高效的数据挖掘和索引对多媒体分析和检索具有重要意义。在大规模视频分析领域,有效的类型分类扮演着重要的角色,是数据挖掘的基础步骤之一。现有的工作采用依赖领域知识的特征提取,受类型多样化和数据量可扩展性的限制。在本文中,我们提出了一个系统的框架,在特征提取中使用领域知识无关的描述符自动分类视频类型,在紧凑视频表示中使用基于视觉词袋(BoW)的模型。采用GPU硬件加速的尺度不变特征变换(SIFT)局部描述子进行特征提取。提出了一种基于自底向上两层k均值聚类的编码本生成BoW模型来抽象视频特征。除了基于直方图的视频数据汇总分布外,还引入了一种改进的基于潜在狄利克雷分布(mLDA)的视频数据汇总分布。在分类阶段,使用k近邻(k-NN)分类器。与[1]中最先进的大规模类型分类相比,在23个运动数据集上的实验结果表明,我们提出的框架在数据量和多样性上分别扩展了27%和64%,达到了相当的分类精度。

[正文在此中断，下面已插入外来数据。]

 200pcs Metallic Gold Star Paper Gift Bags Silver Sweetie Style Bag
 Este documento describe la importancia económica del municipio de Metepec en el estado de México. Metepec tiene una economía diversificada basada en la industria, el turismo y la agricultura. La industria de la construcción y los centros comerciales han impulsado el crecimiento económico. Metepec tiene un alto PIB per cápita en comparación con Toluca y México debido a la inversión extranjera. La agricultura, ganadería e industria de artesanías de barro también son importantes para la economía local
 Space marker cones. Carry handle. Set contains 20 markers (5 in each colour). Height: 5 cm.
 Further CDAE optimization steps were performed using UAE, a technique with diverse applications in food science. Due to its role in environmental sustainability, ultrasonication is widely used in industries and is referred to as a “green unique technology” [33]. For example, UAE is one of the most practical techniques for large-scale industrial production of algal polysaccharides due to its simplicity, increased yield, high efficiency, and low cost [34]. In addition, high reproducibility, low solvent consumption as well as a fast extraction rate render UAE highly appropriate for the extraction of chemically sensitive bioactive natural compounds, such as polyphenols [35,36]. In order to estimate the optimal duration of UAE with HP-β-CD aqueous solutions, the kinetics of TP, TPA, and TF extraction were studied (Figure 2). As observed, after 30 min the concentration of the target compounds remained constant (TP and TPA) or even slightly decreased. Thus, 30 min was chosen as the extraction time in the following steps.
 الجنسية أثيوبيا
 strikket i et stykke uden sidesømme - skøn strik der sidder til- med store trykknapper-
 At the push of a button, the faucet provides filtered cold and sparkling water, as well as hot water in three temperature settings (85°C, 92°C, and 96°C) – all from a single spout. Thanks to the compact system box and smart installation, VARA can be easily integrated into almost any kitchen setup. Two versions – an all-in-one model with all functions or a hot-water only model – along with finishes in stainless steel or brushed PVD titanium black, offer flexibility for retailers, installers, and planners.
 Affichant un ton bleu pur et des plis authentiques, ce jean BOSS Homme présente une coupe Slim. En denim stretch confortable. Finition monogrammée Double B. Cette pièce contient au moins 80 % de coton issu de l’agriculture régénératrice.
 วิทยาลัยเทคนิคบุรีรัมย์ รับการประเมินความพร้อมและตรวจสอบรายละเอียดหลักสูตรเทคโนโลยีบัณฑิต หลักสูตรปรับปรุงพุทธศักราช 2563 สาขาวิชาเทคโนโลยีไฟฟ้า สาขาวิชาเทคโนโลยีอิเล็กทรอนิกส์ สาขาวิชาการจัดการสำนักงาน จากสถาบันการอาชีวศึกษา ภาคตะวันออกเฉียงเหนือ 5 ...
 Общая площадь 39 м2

本文章由计算机程序翻译,如有差异,请以英文原文为准。
查看原文
分享 分享
微信好友 朋友圈 QQ好友 复制链接
本刊更多论文
An efficient framework on large-scale video genre classification
Efficient data mining and indexing is important for multimedia analysis and retrieval. In the field of large-scale video analysis, effective genre categorization plays an important role and serves one of the fundamental steps for data mining. Existing works utilize domain-knowledge dependent feature extraction, which is limited from genre diversification as well as data volume scalability. In this paper, we propose a systematic framework for automatically classifying video genres using domain-knowledge independent descriptors in feature extraction, and a bag-of-visualwords (BoW) based model in compact video representation. Scale invariant feature transform (SIFT) local descriptor accelerated by GPU hardware is adopted for feature extraction. BoW model with an innovative codebook generation using bottom-up two-layer K-means clustering is proposed to abstract the video characteristics. Besides the histogram-based distribution in summarizing video data, a modified latent Dirichlet allocation (mLDA) based distribution is also introduced. At the classification stage, a k-nearest neighbor (k-NN) classifier is employed. Compared with state of art large-scale genre categorization in [1], the experimental results on a 23-sports dataset demonstrate that our proposed framework achieves a comparable classification accuracy with 27% and 64% expansion in data volume and diversity, respectively.
求助全文
通过发布文献求助,成功后即可免费获取论文全文。 去求助
来源期刊
自引率
0.00%
发文量
0
期刊最新文献
Probabilistic framework for template-based chord recognition A comparative study between different pre-whitening decorrelation based acoustic feedback cancellers Efficient error control in 3D mesh coding An improved foresighted resource reciprocation strategy for multimedia streaming applications Fusion of active and passive sensors for fast 3D capture
×
引用
GB/T 7714-2015
复制
MLA
复制
APA
复制
导出至
BibTeX EndNote RefMan NoteFirst NoteExpress
×
×
提示
您的信息不完整,为了账户安全,请先补充。
现在去补充
×
提示
您因"违规操作"
具体请查看互助需知
我知道了
×
提示
现在去查看 取消
×
提示
确定
0
微信
客服QQ
Book学术公众号 扫码关注我们
反馈
×
意见反馈
请填写您的意见或建议
请填写您的手机或邮箱
已复制链接
已复制链接
快去分享给好友吧!
我知道了
×
扫码分享
扫码分享
Book学术官方微信
Book学术文献互助
Book学术文献互助群
群 号:481959085
Book学术
文献互助 智能选刊 最新文献 互助须知 联系我们:info@booksci.cn
Book学术提供免费学术资源搜索服务,方便国内外学者检索中英文文献。致力于提供最便捷和优质的服务体验。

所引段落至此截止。